* **Instructions for the task**: Take the line containing "骆驼男装短袖t恤2024新款男夏重磅纯棉圆领宽松印花半袖体恤" and every line after it to the end of the material below; reproduce them exactly, without pictures.

* **Data provided**:

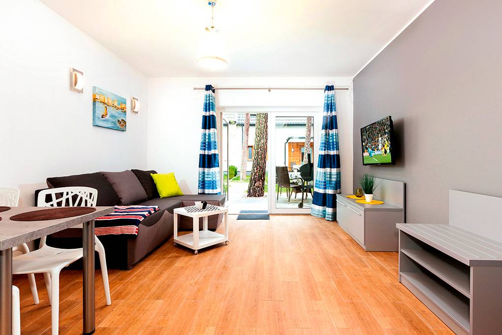 PL 13.3 Ferienhaus 2-6 Pers.: 3-Zimmer-Reihenhaus mit 55 qm Wohnfläche über 2 Etagen. Parterre: Großzügiger Wohn-/Essraum mit Ecksofa (Ausziehcouch 2 Pers.), Sat-TV (deutsche Programme), Internet (W-Lan), Esstisch, moderner Küchenzeile (2 E-Platten Ceranfeld, Abzugshaube, Mikrowelle, Spülmaschine). Bad/WC. 1. Etage: Doppelzimmer. 2-Bettzimmer. Terrasse mit Sitzmöbeln, Grill.
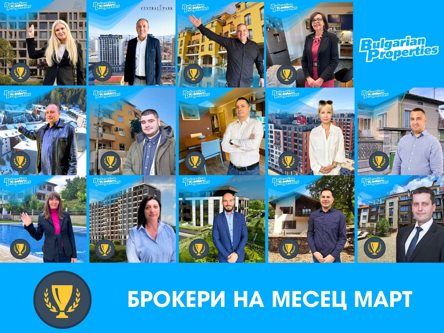Днес с гордост представяме Брокерите на месец март – топ професионалистите на BULGARIAN PROPERTIES, които постигнаха изключителни резултати и помогнаха на стотици клиенти да реализират своята успешна сделка!
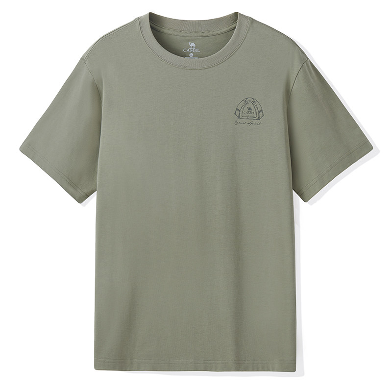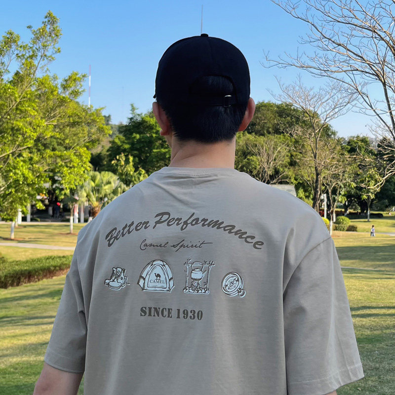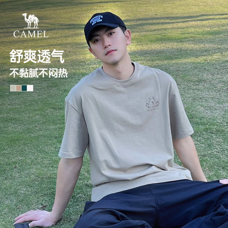 骆驼男装短袖t恤2024新款男夏重磅纯棉圆领宽松印花半袖体恤
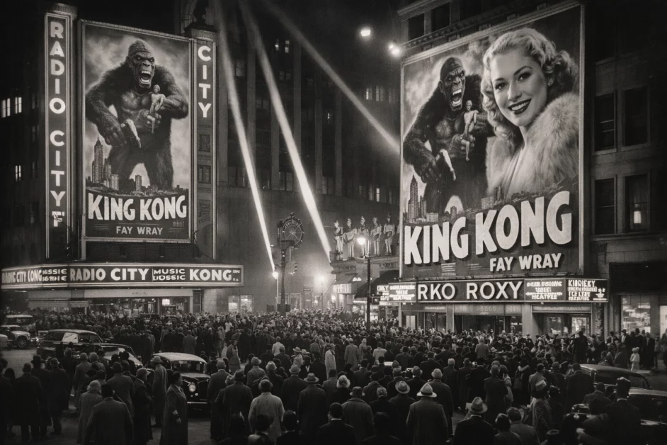 Nel 1933 il leggendario film “King Kong” , diretto da Merian C. Cooper e Ernest B. Schoedsack, con protagonista Fay Wray, debutta al Radio City Music Hall e al RKO Roxy di New York., segnando un momento storico per il cinema fantastico.

* **Reply**:
 骆驼男装短袖t恤2024新款男夏重磅纯棉圆领宽松印花半袖体恤
 Nel 1933 il leggendario film “King Kong” , diretto da Merian C. Cooper e Ernest B. Schoedsack, con protagonista Fay Wray, debutta al Radio City Music Hall e al RKO Roxy di New York., segnando un momento storico per il cinema fantastico.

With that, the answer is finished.